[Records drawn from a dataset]

/---

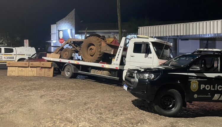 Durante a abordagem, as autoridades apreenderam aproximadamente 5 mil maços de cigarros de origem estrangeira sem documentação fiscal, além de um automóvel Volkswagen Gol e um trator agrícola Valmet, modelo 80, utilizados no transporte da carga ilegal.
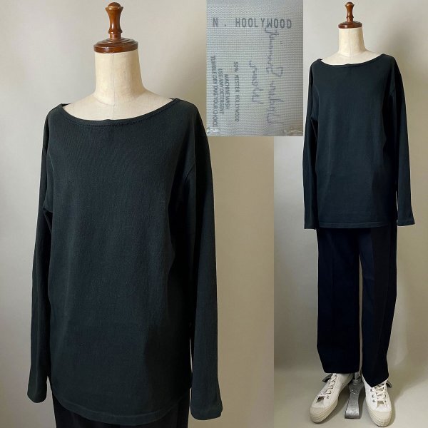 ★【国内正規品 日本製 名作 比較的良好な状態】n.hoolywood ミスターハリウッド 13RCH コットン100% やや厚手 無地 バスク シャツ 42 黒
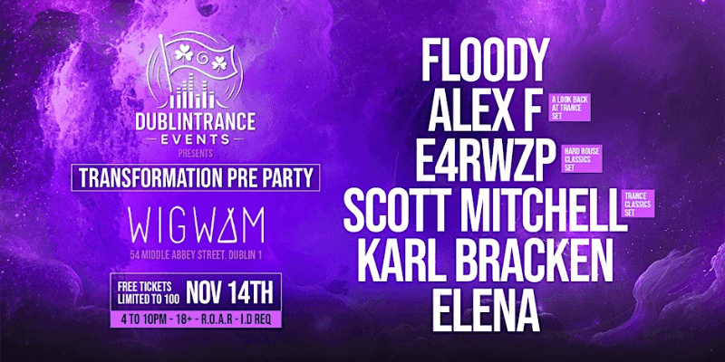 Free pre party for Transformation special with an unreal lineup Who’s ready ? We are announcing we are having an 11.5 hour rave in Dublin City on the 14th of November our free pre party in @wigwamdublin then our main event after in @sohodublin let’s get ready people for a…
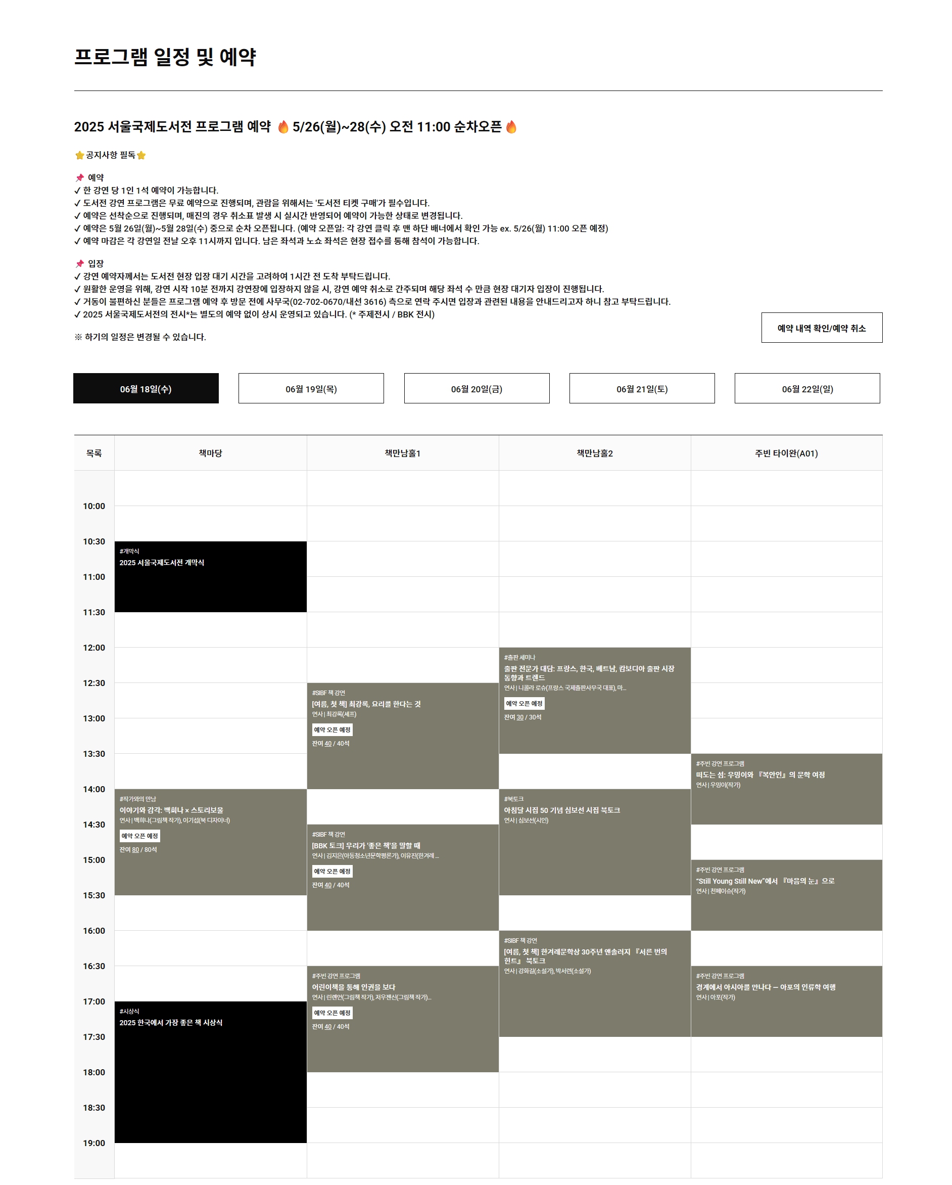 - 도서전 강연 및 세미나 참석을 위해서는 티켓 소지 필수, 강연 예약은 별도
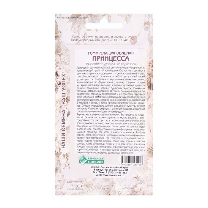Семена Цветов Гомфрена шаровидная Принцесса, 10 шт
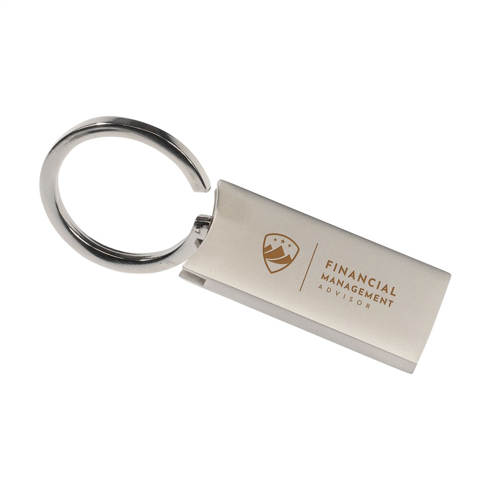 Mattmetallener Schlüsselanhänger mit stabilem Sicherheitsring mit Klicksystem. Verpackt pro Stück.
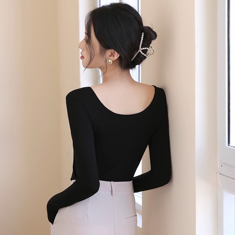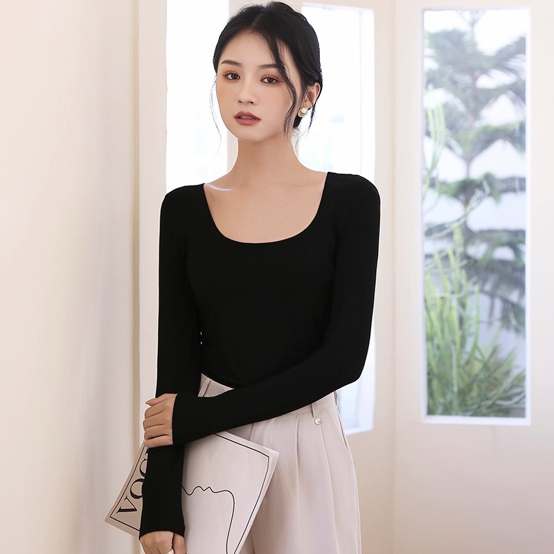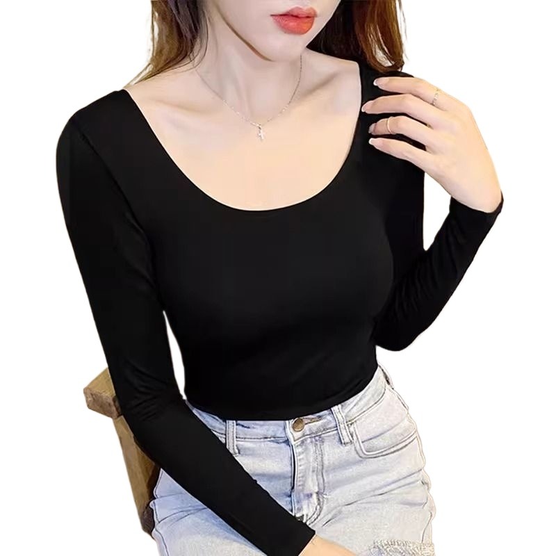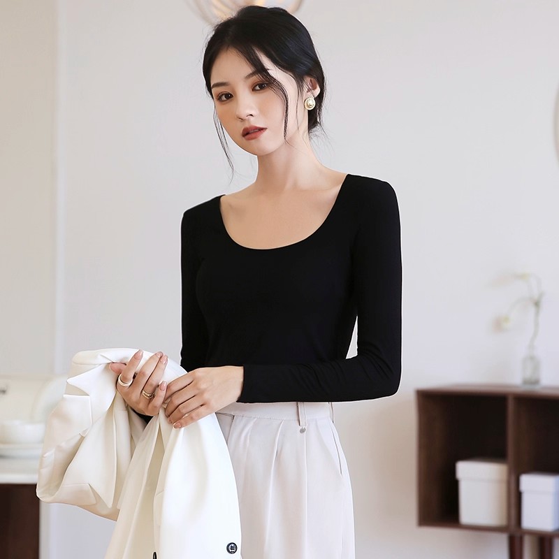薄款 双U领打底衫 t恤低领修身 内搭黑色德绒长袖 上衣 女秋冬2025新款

\---

• Exercise description:
Only the text of the records belongs in your answer, copied exactly as it appears above.

• Task answer:
 Durante a abordagem, as autoridades apreenderam aproximadamente 5 mil maços de cigarros de origem estrangeira sem documentação fiscal, além de um automóvel Volkswagen Gol e um trator agrícola Valmet, modelo 80, utilizados no transporte da carga ilegal.
 ★【国内正規品 日本製 名作 比較的良好な状態】n.hoolywood ミスターハリウッド 13RCH コットン100% やや厚手 無地 バスク シャツ 42 黒
 Free pre party for Transformation special with an unreal lineup Who’s ready ? We are announcing we are having an 11.5 hour rave in Dublin City on the 14th of November our free pre party in @wigwamdublin then our main event after in @sohodublin let’s get ready people for a…
 - 도서전 강연 및 세미나 참석을 위해서는 티켓 소지 필수, 강연 예약은 별도
Семена Цветов Гомфрена шаровидная Принцесса, 10 шт
 Mattmetallener Schlüsselanhänger mit stabilem Sicherheitsring mit Klicksystem. Verpackt pro Stück.
薄款 双U领打底衫 t恤低领修身 内搭黑色德绒长袖 上衣 女秋冬2025新款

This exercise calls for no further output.